[extropy-chat] Plz help!

Robert Bradbury robert.bradbury at gmail.com
Fri Aug 25 19:15:55 UTC 2006


On 8/24/06, Gina Miller <nanogirl at halcyon.com> wrote:
>
>
> Scratch that, I called Norton, they referred me here:
> http://service1.symantec.com/support/goback.nsf/docid/2005111514174058?Open&src=w
> apparently Go Back is not compatible with raidcore.........all good now!
> Gina
>

Gina, I hate to say it and I hope you will not mind me using you as an
example, but "All is *not* good".

I presume you are talking about "Norton Systemworks Premier" [1].  As the
Norton page says "GoBack" is included with the package.  Packages typically
install everything unless you select the "expert" option in which case they
"may" allow you not to install the parts you don't want.  Now Norton is
probably reliabile enough to allow you paths to get out of the swamp when
you fall into it (as you seem to have).

The details of your message seem to suggest that you are on the cutting edge
enough to get into real trouble.  You are installing closed source system
backup and scanning software from a 3rd party onto a system which already
has closed source software from multiple vendors (Microsoft & whomever is
supplying the "raid" system  it sounds like you are using) [2].

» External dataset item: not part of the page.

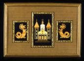 2015.196.144.112: Slide of completed, framed artwork - triptych of a Romanian church flanked by two dragons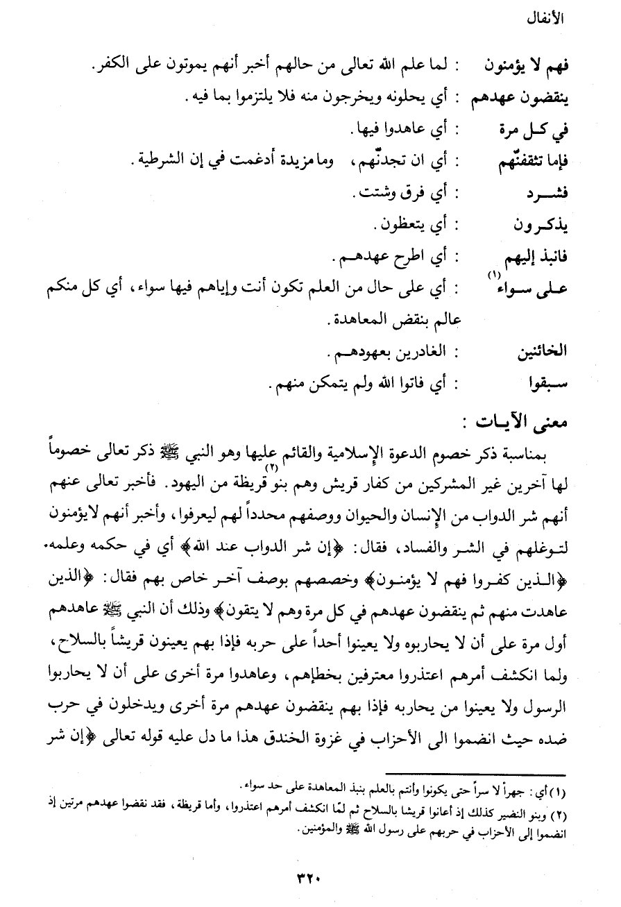 بمناسبة ذكر خصوم الدعوة الإسلامية والقائم عليها وهو النبي صَلَّى اللهُ عَلَيْهِ وَسَلَّمَ ذكر تعالى خصوماً لها آخرين غير المشركين من كفار قريش وهم بنو2 قريظة من اليهود. فأخبر تعالى عنهم أنهم شر الدواب من الإنسان والحيوان ووصفهم محدداً لهم ليعرفوا، وأخبر أنهم لا يؤمنون لتوغلهم في الشر والفساد، فقال: {إن شر الدواب عند الله} أي في حكمه وعلمه. {الذين كفروا فهم لا يؤمنون} وخصصهم بوصف آخر خاص بهم فقال: {الذين عاهدت منهم ثم ينقضون عهدهم في كل مرة وهم لا يتقون} وذلك أن النبي صَلَّى اللهُ عَلَيْهِ وَسَلَّمَ عاهدهم أول مرة على أن لا يحاربوه ولا يعينوا أحداً على حربه فإذا بهم يعينون قريشاً بالسلاح، ولما انكشف أمرهم اعتذروا معترفين بخطإهم، وعاهدوا مرة أخرى على أن لا يحاربوا الرسول ولا يعينوا من يحاربه فإذا بهم ينقضون عهدهم مرة أخرى ويدخلون في حرب ضده حيث انضموا إلى الأحزاب في غزوة الخندق هذا ما دل عليه قوله تعالى {إن شر

Now, lets start with the first problem -- Why do you need Norton Systemworks
in the first place?  Are you running around the Internet in such a "naked"
condition that viruses are infecting you left and right (I would hope that
ExI list subscribers know better than that).

The second problem is -- Why are you still using Windows?  Are you
absolutely *sure* that the software you require or its equivalent is not
available under Linux?  Even if its not there are several virtual/emulator
approaches (Wine, Parallels, Xen, VMware, etc.) which would allow you to run
Windows in a sandbox where it or the nasties it tends to promote in the
world should be unable to do undo harm to your basic system. [3]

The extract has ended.